* [Information supplied]
┌──
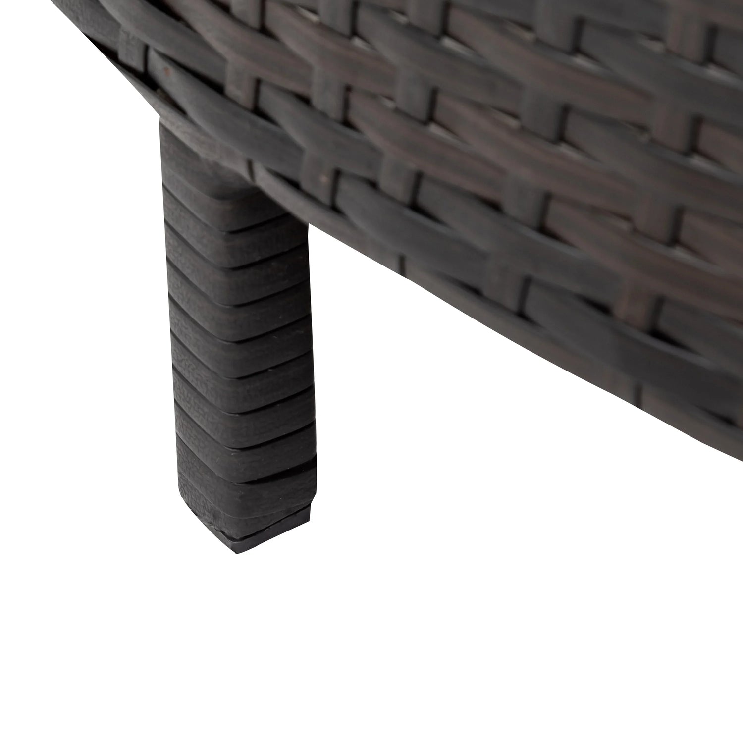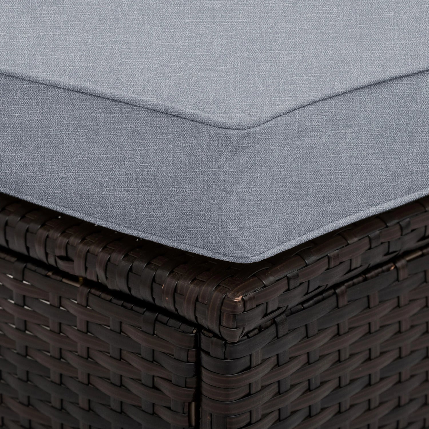 This set uses synthetic and natural materials commonly found in outdoor furniture. Natural variation in handwoven rattan and fabric color may occur; screen colors can differ from real-life tones. As with all freestanding outdoor furniture, place on level ground and avoid exposing to prolonged standing water. Use caution on uphill or uneven surfaces; secure lightweight pieces in very windy conditions. If you plan to stack or lean pieces for storage, follow safe lifting practices and avoid excessive vertical stacking that could lead to tipping.
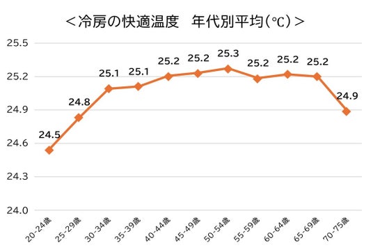 また、快適温度は20代から急激に上昇し、30代以降ゆるやかに上昇することから、30代以降は冷房の冷たさを感じやすくなり、設定温度を高めにする傾向があると考えられます。
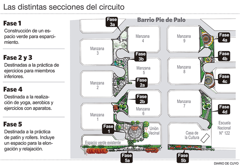 Para una mejor organización y un mayor aprovechamiento del espacio, el circuito se dividirá en 5 fases. En la número uno habrá un sector dedicado al esparcimiento, mientras que la 2 y 3 estará destinada a la ejercitación de los miembros inferiores. Para ellos los vecinos contarán con bicicletas fijas y caminadores. También habrá carteles que guíen una caminata o trote suave con tiempos y distancias recomendables para cada tipo de rendimiento físico.
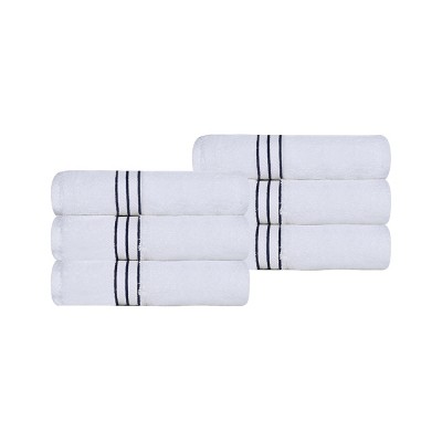Zero Twist Cotton Ribbed Modern Geometric Border Hand Towel Set of 6, Navy Blue - Blue Nile Mills
└──
Without the pictures, return the listing above from its first line through the line that has "また、快適温度は20代から急".

 This set uses synthetic and natural materials commonly found in outdoor furniture. Natural variation in handwoven rattan and fabric color may occur; screen colors can differ from real-life tones. As with all freestanding outdoor furniture, place on level ground and avoid exposing to prolonged standing water. Use caution on uphill or uneven surfaces; secure lightweight pieces in very windy conditions. If you plan to stack or lean pieces for storage, follow safe lifting practices and avoid excessive vertical stacking that could lead to tipping.
 また、快適温度は20代から急激に上昇し、30代以降ゆるやかに上昇することから、30代以降は冷房の冷たさを感じやすくなり、設定温度を高めにする傾向があると考えられます。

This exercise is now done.